井上戦が目前で先延ばしになったグッドマン。無念の負傷に本人は苛立ちを隠さなかった。(C)Getty Images延期決断までの相当な葛藤 誰の目にも明らかなダメージが、事態の深刻さを如実に物語った。 プロボクシングの4団体統一スーパーバンタ…

 

井上戦が目前で先延ばしになったグッドマン。無念の負傷に本人は苛立ちを隠さなかった。(C)Getty Images

 

延期決断までの相当な葛藤

 誰の目にも明らかなダメージが、事態の深刻さを如実に物語った。

 プロボクシングの4団体統一スーパーバンタム級王者の井上尚弥と12月24日の“クリスマス決戦”に臨む予定だったIBF&WBO世界同級1位のサム・グッドマン(豪州)が現地12月13日の練習中に左目まぶたを裂傷。
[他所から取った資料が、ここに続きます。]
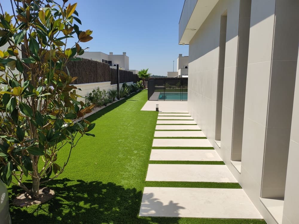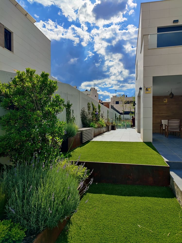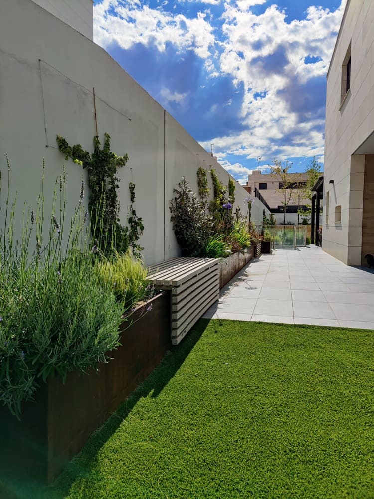 En este jardín nos encontramos con un espacio completamente solado que convertimos en un jardín gracias a unas jardineras de acero lacado elevadas sobre el pavimento, creando una unión verde desde la entrada de la vivienda hasta el jardín trasero donde se encuentra la piscina.

これにより試合は1か月後の1月24日に開催延期となった。

【動画】痛々しい左目の裂傷…井上戦を控えたグッドマンの負傷シーン

 井上との試合は26歳の挑戦者にとって「人生で一番」と位置付ける大一番。下馬評は敗北予測が大半を占めたが、それでも番狂わせを起こせば、一夜にして人生を変えられる可能性がある試合でもある。だからこそ、10日前のアクシデントに本人の失望は隠し切れなかった。

 来日を翌日に控えた中で、練習のギアも上がっていたのかもしれない。豪スポーツ専門局『FOX Sports』などが公開した問題の負傷シーンを収めた動画では、本格的なスパーリングの最中にグッドマンが左目をカット。トレーナーたちが急遽中断し、ダメージから試合への影響を察知した本人が「あぁクソッ」と悔しさを爆発させる異様な様子が確認できる。
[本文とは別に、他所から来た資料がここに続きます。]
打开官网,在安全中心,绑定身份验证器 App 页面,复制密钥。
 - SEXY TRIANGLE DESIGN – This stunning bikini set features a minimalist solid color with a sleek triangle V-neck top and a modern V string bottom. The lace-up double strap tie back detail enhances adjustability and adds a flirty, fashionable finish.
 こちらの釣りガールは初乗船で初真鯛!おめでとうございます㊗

 無論、真剣に取り組んだ練習中の不可抗力なアクシデントではある。それでも陣営には、延期の決断をするまでに相当な葛藤があったようだ。『FOX Sports』の取材に応じた豪興行会社『No Limit Boxing』のCEOで、グッドマンのプロモーターを務めるマット・ローズ氏は、意気消沈するジムに到着した際の率直な感想を口にしている。
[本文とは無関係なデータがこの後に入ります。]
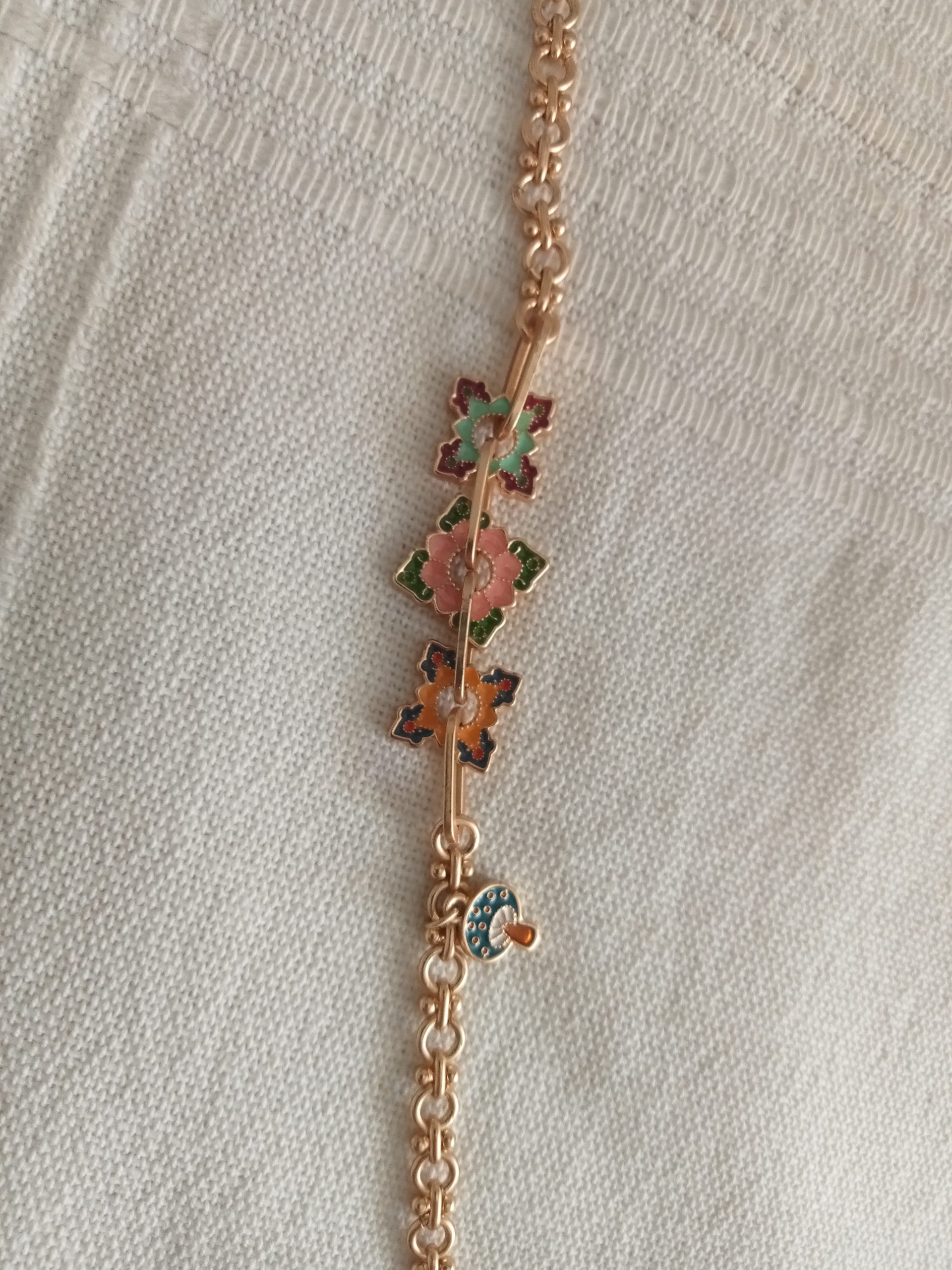 Pulsera única y llena de estilo, con eslabones dorados y charms decorados con esmalte en tonos vibrantes (rojo, turquesa, verde, rosa y coral). Cada detalle está cuidadosamente trabajado, combinando figuras geométricas y florales con pequeñas cuentas de colores que aportan un toque divertido y elegante.

「あまりにも不吉な雰囲気が漂っていて、私はすぐに連れていた子どもたちを外で待つように言った。部屋全体が、まるで『活気』を奪われたようだった。ジムにはサムの父親を含めた40人以上の大人がいたが、全員が本当に無感情で、生気を失っていたようだった。あんな光景は今までに見たことがない。本当に悲惨だ……」

 試合まで約1週間と迫っていた。それだけに後に引けないという思いもあった。舞台裏を伝えた『FOX Sports』によれば、グッドマンは負傷直後に流血しながらジョエル・キーガントレーナーとピート・ミトレフスキーマネージャーに「俺はできる」と主張。しかし、傷の深さを目にした周囲から「ダメだ」と止められたという。

 

井上戦に向けて猛練習を重ねていたグッドマン。(C)Getty Images

 

「あれほど打ちのめされた顔をしている人間を見たことがない」

 今回のアクシデントを受け、井上陣営との対戦交渉も緊急的に行ったというローズ氏は「私たちはすぐに日本人たちと話し、カットで何が起こったのかを伝えた。そこで必ず6週間以内に回復させるつもりだと話した」と告白。その上で「正直に言うが、サムにとって、今何が起こったのか理解することすら難しい」と打ち明け、左まぶたを4針も縫う大怪我を負ったグッドマンの精神的な落胆ぶりを語った。

「過去12週間でサムが払った犠牲は、人生で払える最大限の犠牲だと言える。彼はここに来るまでに本当に素晴らしい姿を見せていた。だからこそ信じられなかった。私がジムに入ると、彼は階段に無気力に座り込んでいた。プロスポーツ界であれほど打ちのめされた顔をしている人間を見たことがない。私は彼に何を言っていいか分からなかったから、ただただ同情するしかなかった。スパーリングではヘッドギアをちゃんと装着し、すべてを正しく行っていたからね。すべてがとても悲惨だった」

 負傷後に自身のインスタグラムで「イノウエ選手にもお詫びしたいと思います。彼と彼の陣営はこの試合のために一生懸命準備してきたと知っているので、本当に申し訳なく思っています」と口にしたグッドマンにとって救いとなったのは、井上側の反応だろう。来年1月24日に決まった延期のスケジュールもつつがなく進み、王者本人もXで「お互い最高の状態で闘おう」とメッセージを発信していた。

 約1か月後に左目を回復させ、万全の状態で王者に挑めるか。過去19戦無敗の挑戦者は、その真価が問われている。